* [Task goal]: Retype only the lines below from the one with "日本二手周边连锁店K-BOO" to the one with "6x 1954 $5 Bank", inclusive, skipping every image.

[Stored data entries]
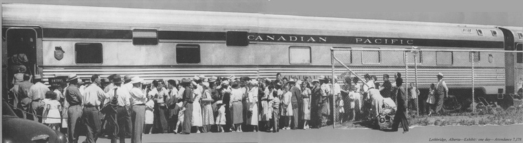 It's August 1954 and Canadian Pacific has put a pair of its new Budd Company stainless steel passenger cars (Banff Park and Chateau Bienville) on public display in downtown Vancouver part of a seven week cross-Canada preview of its coming new flagship passenger train The Canadian during which time more than 200,000 people toured the cars staffed by 18 people and ending at the CNE in Toronto. Today, the yard still exists and is vital to the railway's Vancouver waterfront operations. The area where the coaches are on display has been redeveloped with new platforms to handle West Coast Express commuter trains. Behind it, the transit authorities Skytrain tracks are located as is the systems boarding platform. Also surviving are the station and adjacent building with the parking lot on top. The buildings behind remain but now house offices or condos. The tank car CGTX 8654 with the warning was used to haul tallow, which the railway continues to do to this day from a nearby refractory. Sadly, the CP box car in front of the tank car with the wording "Spans the World" told of an international conglomerate that no longer exists. CPR/Steve Morris Collection Lethbridge, Alberta - Exhibit: one day attendence 7,178.
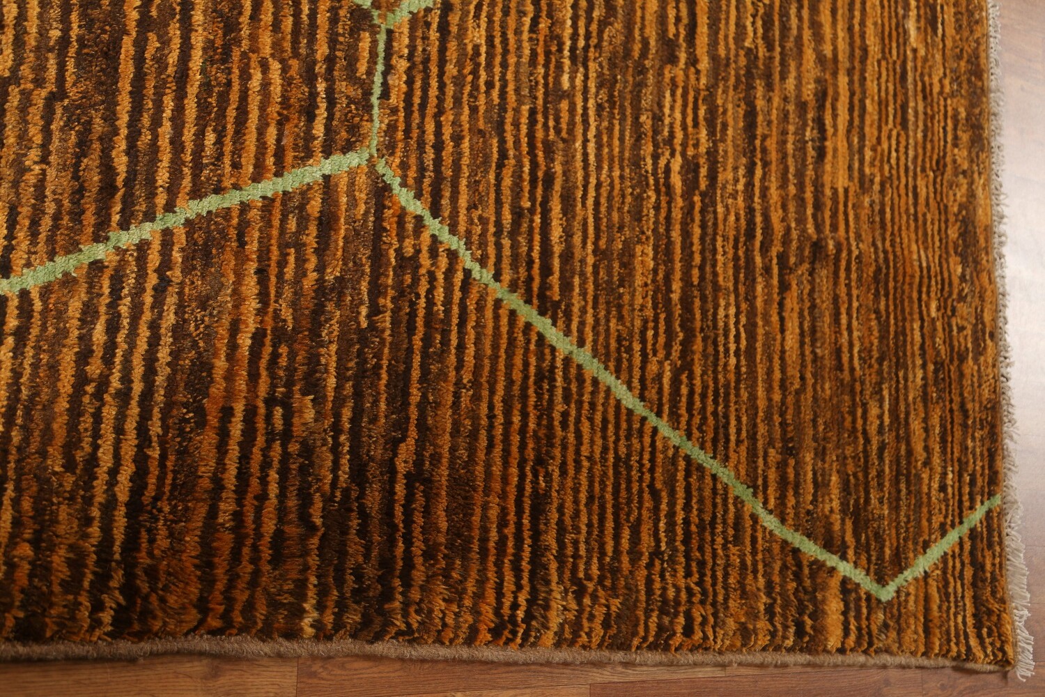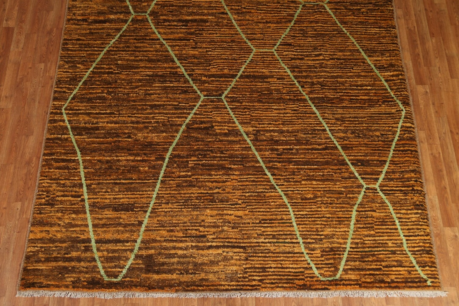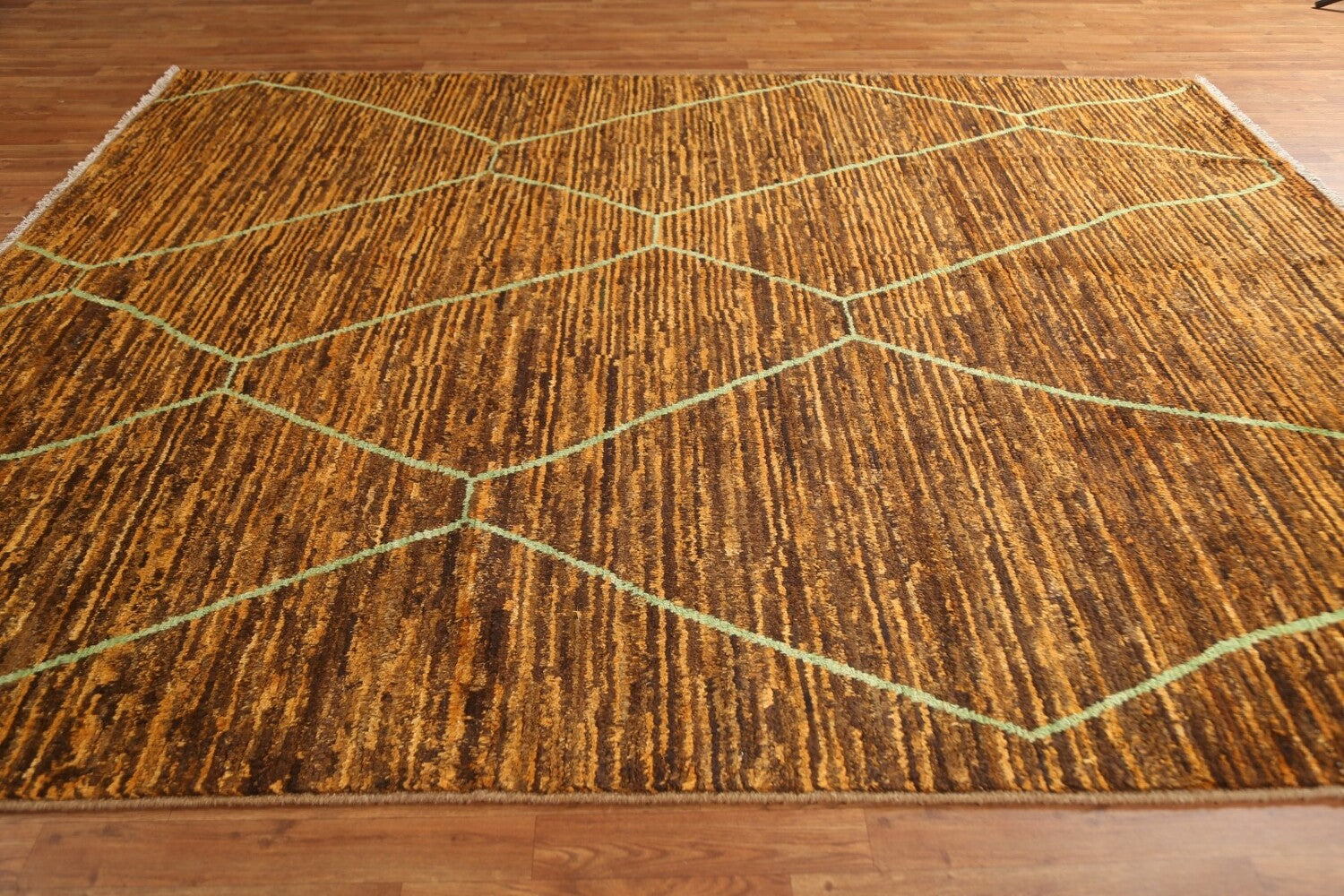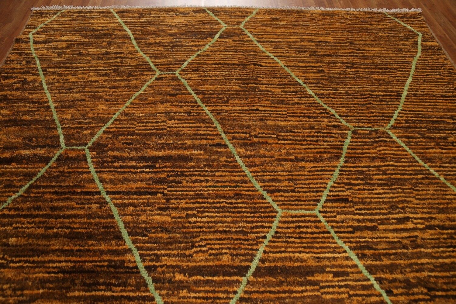 A Beautiful Genuine Pakistan Moroccan rug is Hand Knotted by skillful weavers in Pakistan with 100% Wool Material. This rug is in condition. dimensions are 10' 3'' X 8' 1'' in foot and 312 X 246 in centimeter. the primary color is Yellow & Gold.
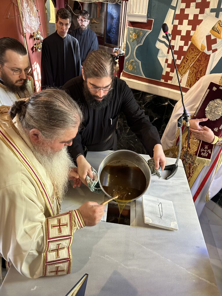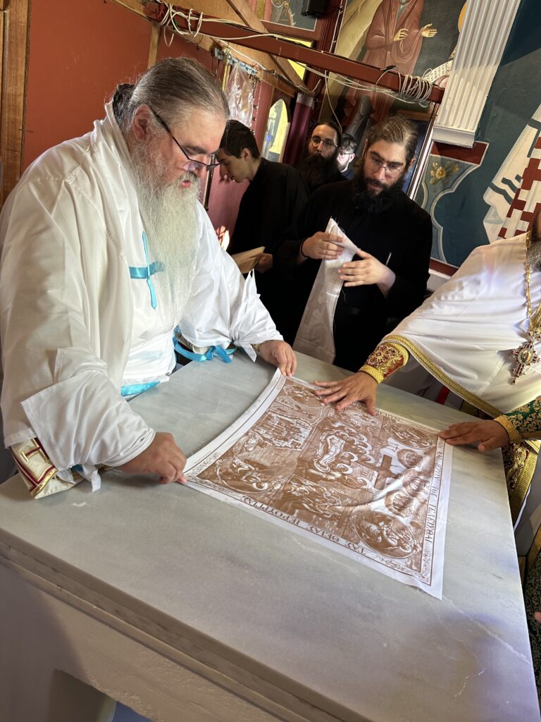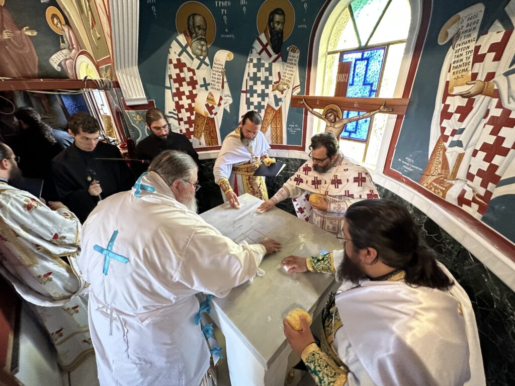Καθ’ όλη τη διάρκεια των εγκαινίων ο Σεβασμιώτατος κ. Ιουστίνος ερμήνευε τις λειτουργικές πράξεις που τελούνταν και επεσήμανε την αξία της καθιερώσεως ιερού Θυσιαστηρίου.
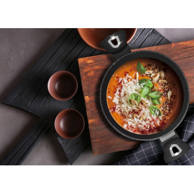 Kompozycja aluminiowego korpusu i ferromagnetycznego dna umożliwia użytkowanie na kuchni indukcyjnej oraz na wszystkich innych rodzajach kuchni i wykorzystywania najlepszych właściwości akutermicznych odlewanego i kutego aluminium na wszystkich kuchenkach i płytach grzewczych. Możliwość gotowania/smażenia w temperaturze do 220°C.
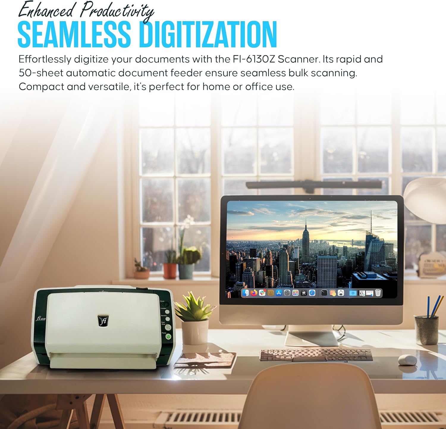 FI-6130Z Fujitsu Duplex Sheet-Fed Receipt Document Scanner with 24V & USB 2.0 Cable (Renewed)
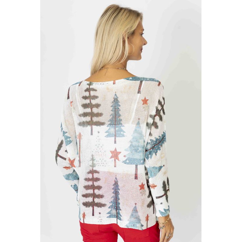 This is our ONESIZE fits most white Christmas Tree Sweater. Scooped waistline with glitter thread to make it sparkle.
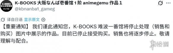 日本二手周边连锁店K-BOOKS近日发布公告,宣布将停止销售并停止收购多部热门作品的相关商品。该公告由K-BOOKS大阪难波分店通过官方社交媒体账号发出,共列出十三部动画与游戏作品,其相关周边将不再于该店内销售。
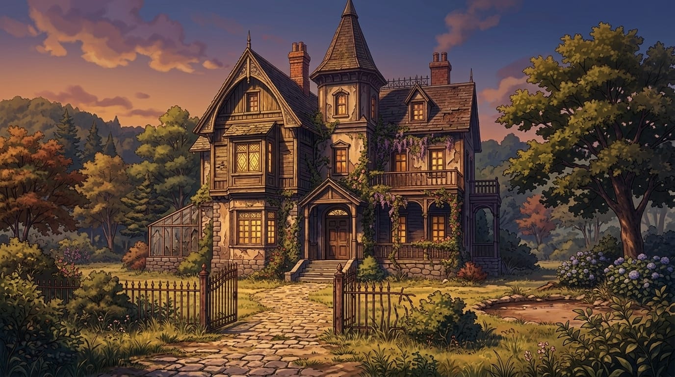 夕暮れの古びた洋館と門扉のある庭園風景|背景イラスト素材
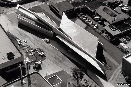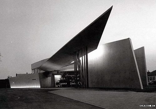 扎哈的作品在具有非凡的創造力和力度之外,也極具女性的想象力?吹皆脑O計圖,大多數人都會認為那是一種繪畫,那像爆炸一樣抽象的畫面只是畫而已,要實施簡直是天方夜談。(圖9)而在1993年,扎哈有機會完成了她的建筑處女作——德國巴伊爾。阿姆。萊茵的世界家具商維特拉公司的“消防站”的設計。這件很小的作品立刻轟動建筑界,成為當代建筑的經典作。(圖10、11、12)
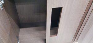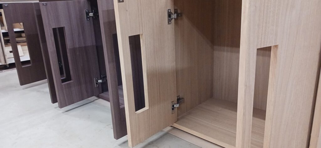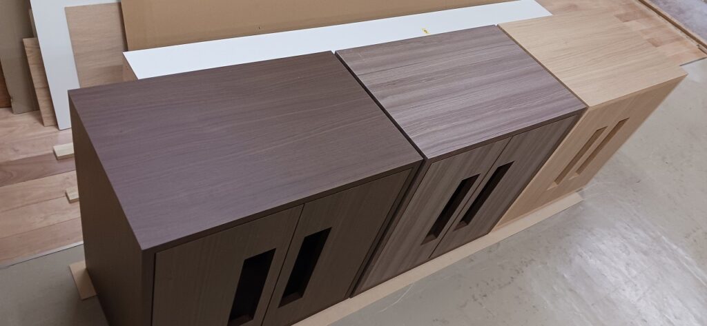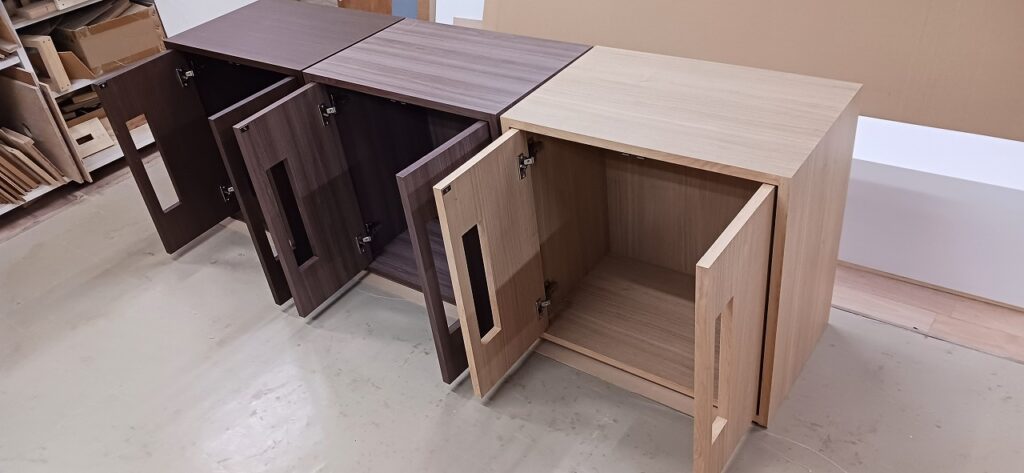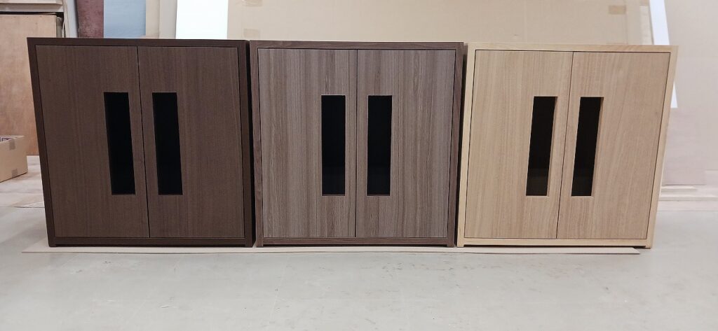 2025.12.01 キドニーグリル ポカポカ陽気で過し易い秋晴れ快晴の月曜日。w600×h600×d450㎜サイズの正方形型収納キャビネット、各タイプ共に内外装を統一したフル化粧仕上げ、プッシュオープンタイプの両開き扉は大きな開口窓を施した独特なカスタムデザイン、本体は耐水効果を意識した総メラミン貼り仕様、オークとアッシュ柾目柄のダーク・ミデアム・ライトの三色カラーバリエーション。
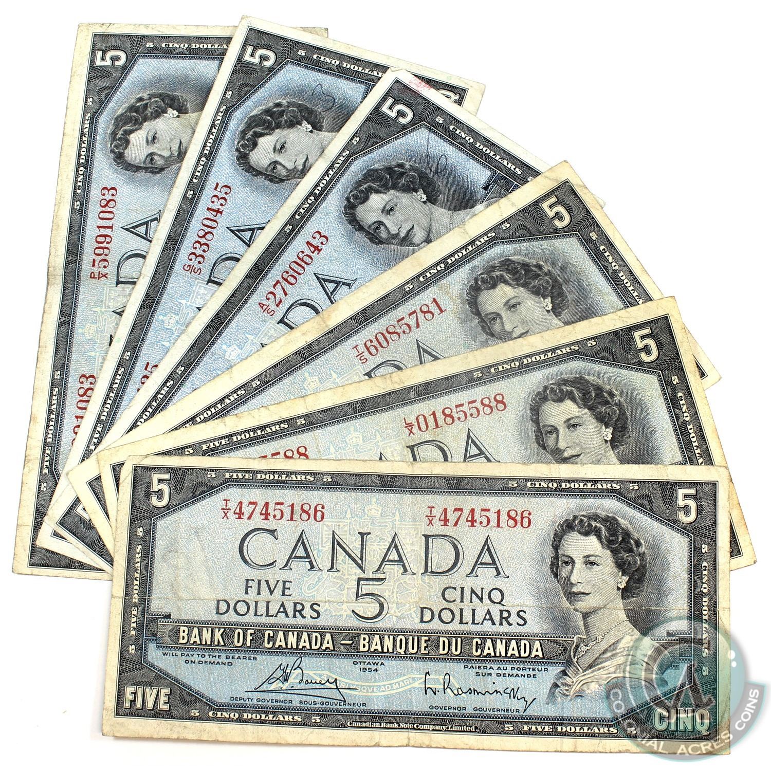 6x 1954 $5 Bank of Canada Modified Portrait Notes All Different Prefixes - 5x BC-39b & 1x BC-39c. 6pcs
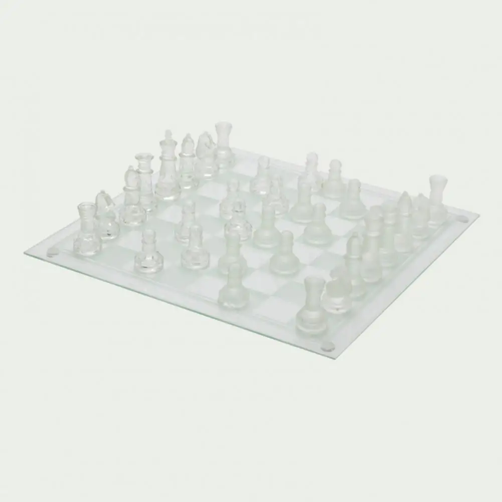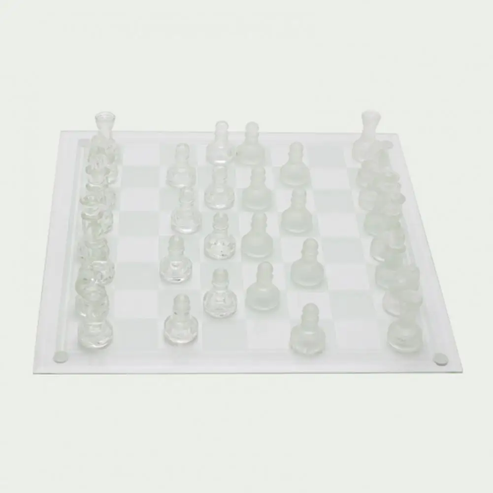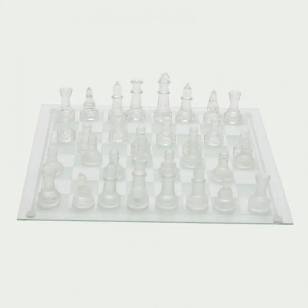 Набор шахматных фигур 25 х25 см из матового искусственного кристалла с шахматной доской, шахматная настольная игра из прозрачного стекла для взрослых, детей, начинающих Вечерние
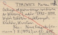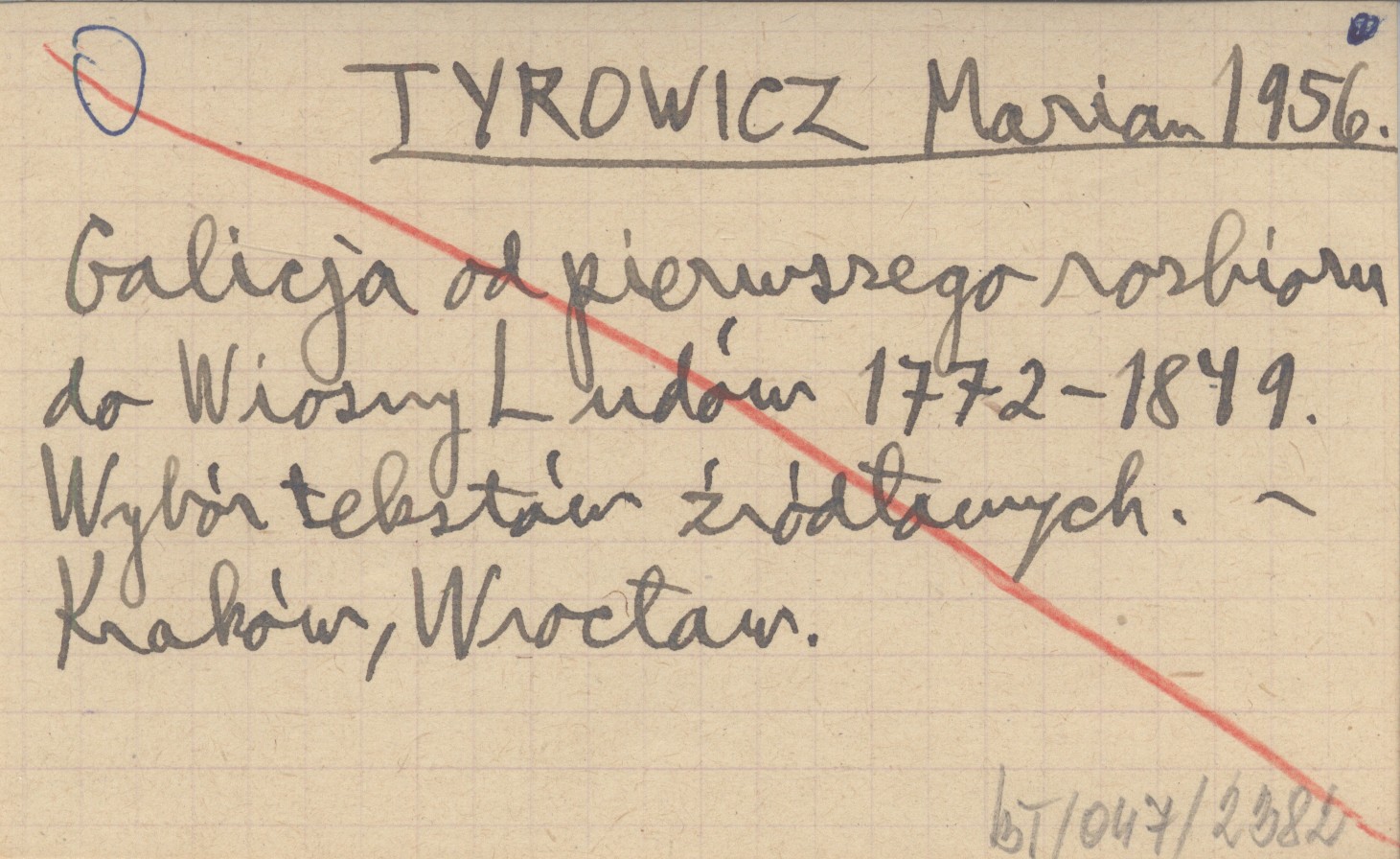 TYROWICZ Marian 1956 Galicja od pierwszego rozbioru do Wiosny Ludów 1772-1849. Wybór tekstów źródłowych.

* [Problem solution]:
 日本二手周边连锁店K-BOOKS近日发布公告,宣布将停止销售并停止收购多部热门作品的相关商品。该公告由K-BOOKS大阪难波分店通过官方社交媒体账号发出,共列出十三部动画与游戏作品,其相关周边将不再于该店内销售。
 夕暮れの古びた洋館と門扉のある庭園風景|背景イラスト素材
 扎哈的作品在具有非凡的創造力和力度之外,也極具女性的想象力?吹皆脑O計圖,大多數人都會認為那是一種繪畫,那像爆炸一樣抽象的畫面只是畫而已,要實施簡直是天方夜談。(圖9)而在1993年,扎哈有機會完成了她的建筑處女作——德國巴伊爾。阿姆。萊茵的世界家具商維特拉公司的“消防站”的設計。這件很小的作品立刻轟動建筑界,成為當代建筑的經典作。(圖10、11、12)
 2025.12.01 キドニーグリル ポカポカ陽気で過し易い秋晴れ快晴の月曜日。w600×h600×d450㎜サイズの正方形型収納キャビネット、各タイプ共に内外装を統一したフル化粧仕上げ、プッシュオープンタイプの両開き扉は大きな開口窓を施した独特なカスタムデザイン、本体は耐水効果を意識した総メラミン貼り仕様、オークとアッシュ柾目柄のダーク・ミデアム・ライトの三色カラーバリエーション。
 6x 1954 $5 Bank of Canada Modified Portrait Notes All Different Prefixes - 5x BC-39b & 1x BC-39c. 6pcs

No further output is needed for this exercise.